Output, exactly as written, the lines below from the one that has "KHAZNEH For Samsung" through the one that has "Wunderbarer Kerzenhalter Nafia"; nothing else, and no pictures.

--- Source material Enclosed Below ---

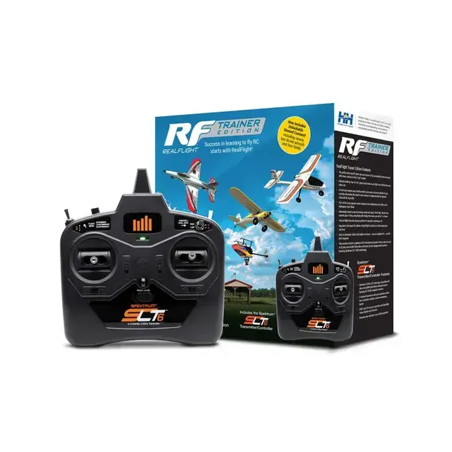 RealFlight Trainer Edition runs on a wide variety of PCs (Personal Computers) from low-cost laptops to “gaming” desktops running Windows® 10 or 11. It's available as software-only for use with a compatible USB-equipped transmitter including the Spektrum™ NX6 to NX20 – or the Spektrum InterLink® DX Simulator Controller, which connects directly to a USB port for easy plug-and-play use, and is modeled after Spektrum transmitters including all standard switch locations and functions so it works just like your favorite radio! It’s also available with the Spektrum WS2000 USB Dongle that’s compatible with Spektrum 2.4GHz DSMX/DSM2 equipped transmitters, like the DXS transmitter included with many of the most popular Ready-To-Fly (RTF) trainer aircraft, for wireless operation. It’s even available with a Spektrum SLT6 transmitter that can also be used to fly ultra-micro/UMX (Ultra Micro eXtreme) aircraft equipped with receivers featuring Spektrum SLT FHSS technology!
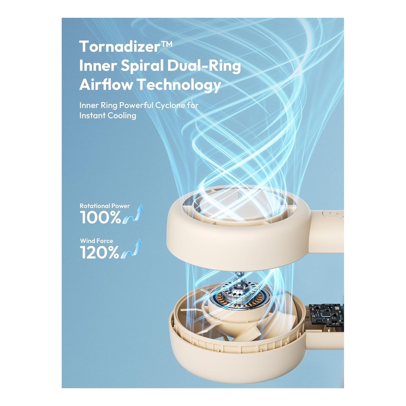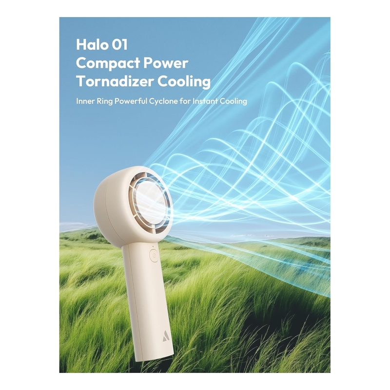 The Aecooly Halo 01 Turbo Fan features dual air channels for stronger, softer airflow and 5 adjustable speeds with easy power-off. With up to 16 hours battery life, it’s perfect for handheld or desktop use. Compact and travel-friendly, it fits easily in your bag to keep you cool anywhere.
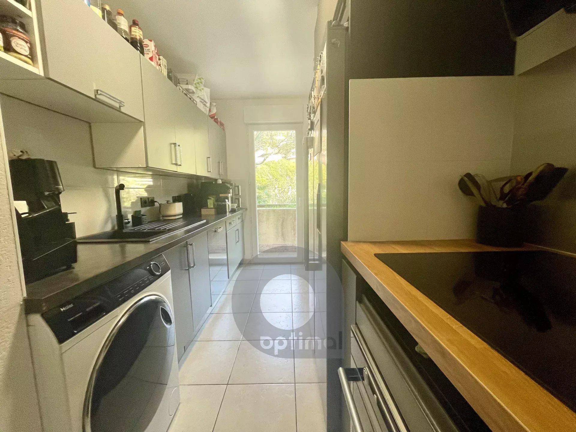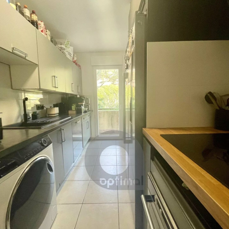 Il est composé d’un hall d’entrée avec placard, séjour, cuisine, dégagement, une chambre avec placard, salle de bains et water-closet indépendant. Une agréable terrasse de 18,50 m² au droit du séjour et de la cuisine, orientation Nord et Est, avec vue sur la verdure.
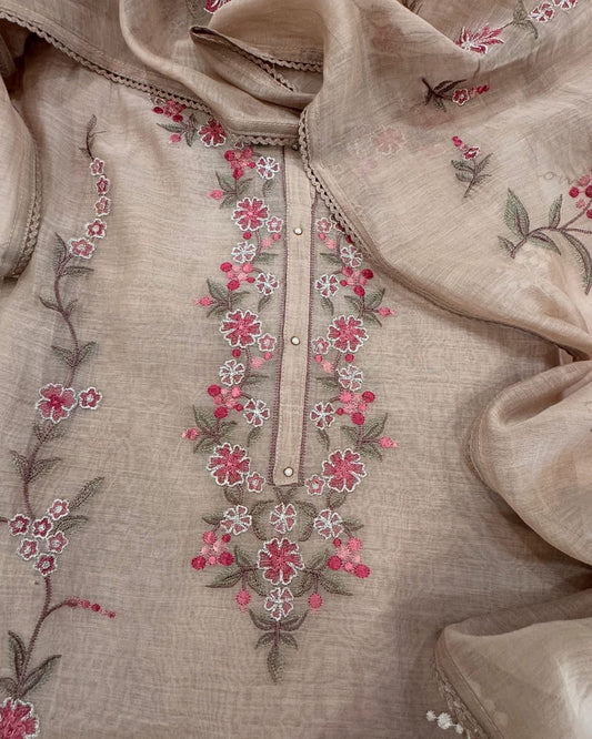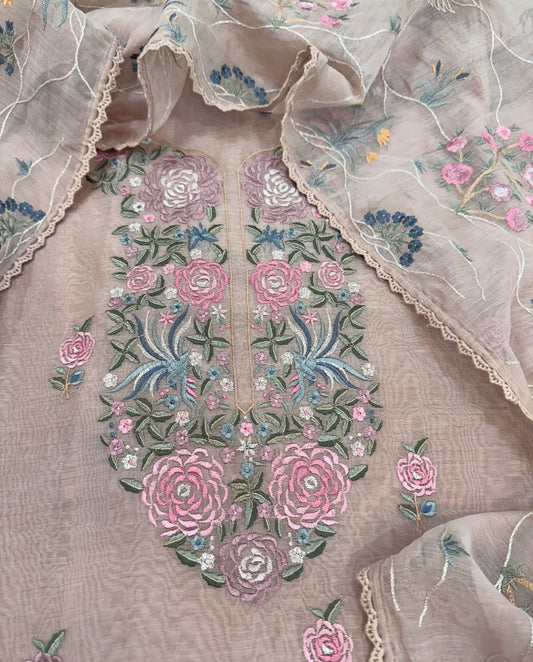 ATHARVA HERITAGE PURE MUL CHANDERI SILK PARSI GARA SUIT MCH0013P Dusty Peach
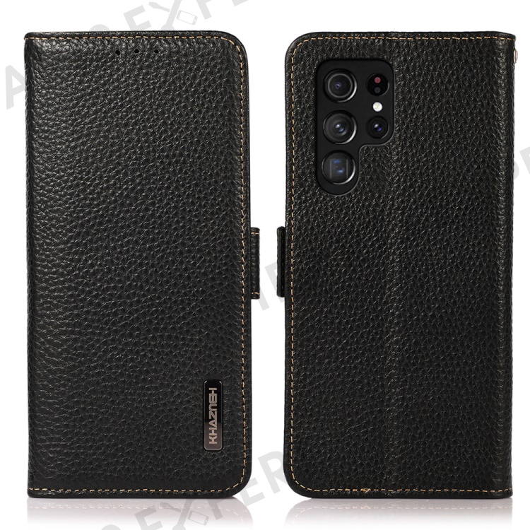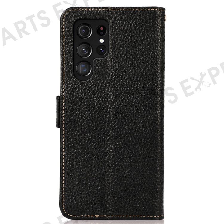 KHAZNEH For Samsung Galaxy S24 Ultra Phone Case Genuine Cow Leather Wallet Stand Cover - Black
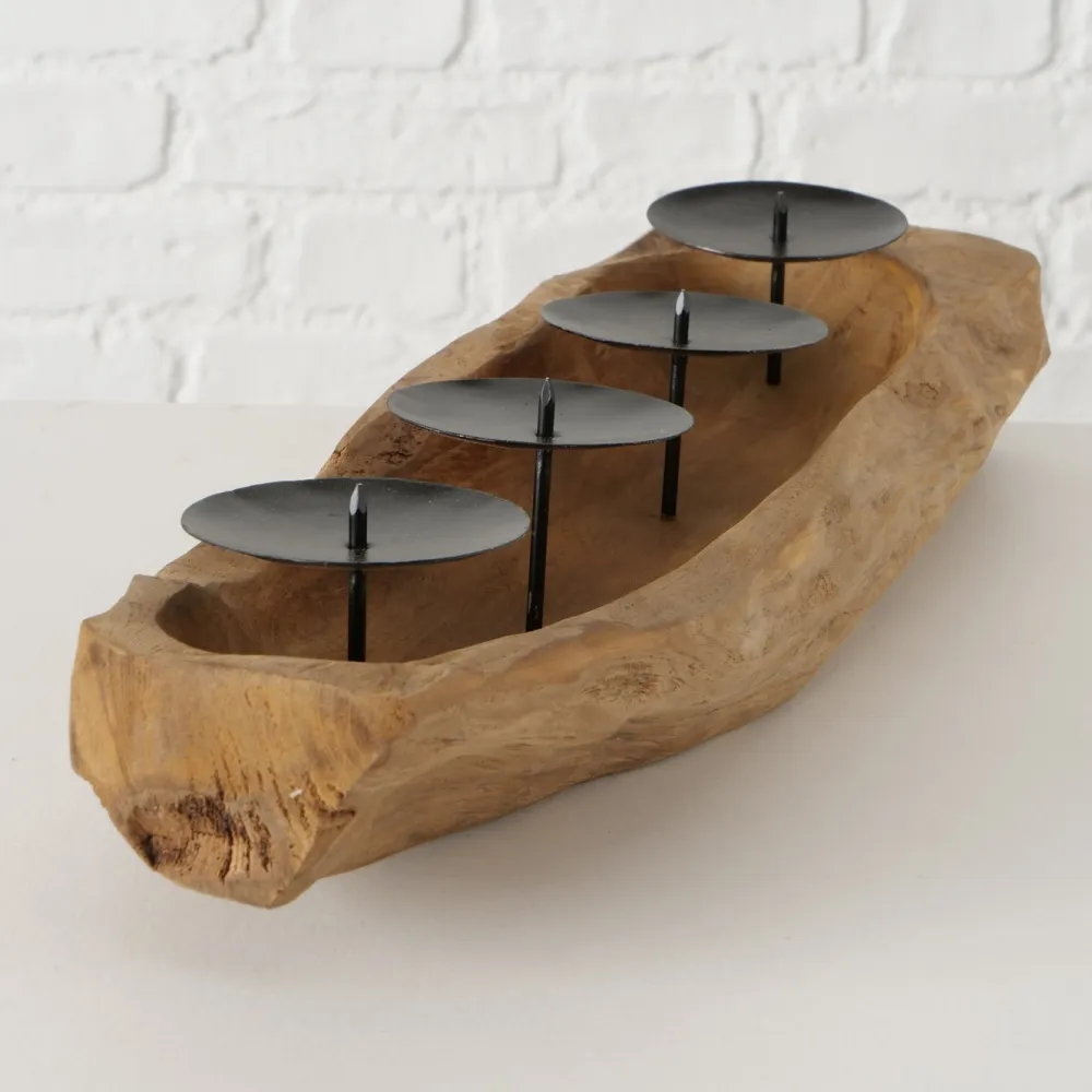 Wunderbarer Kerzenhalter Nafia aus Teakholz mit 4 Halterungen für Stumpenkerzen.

--- End of Enclosed Source material ---
--- Source material Enclosed Below ---

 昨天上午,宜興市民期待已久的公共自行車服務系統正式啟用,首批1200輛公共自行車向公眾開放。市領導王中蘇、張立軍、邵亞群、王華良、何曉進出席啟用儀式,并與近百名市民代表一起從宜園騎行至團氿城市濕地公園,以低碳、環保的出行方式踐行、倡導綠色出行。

--- End of Enclosed Source material ---
--- Source material Enclosed Below ---

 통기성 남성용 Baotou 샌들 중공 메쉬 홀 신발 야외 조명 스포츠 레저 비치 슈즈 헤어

--- End of Enclosed Source material ---

» **Completed exercise**:
 KHAZNEH For Samsung Galaxy S24 Ultra Phone Case Genuine Cow Leather Wallet Stand Cover - Black
 Wunderbarer Kerzenhalter Nafia aus Teakholz mit 4 Halterungen für Stumpenkerzen.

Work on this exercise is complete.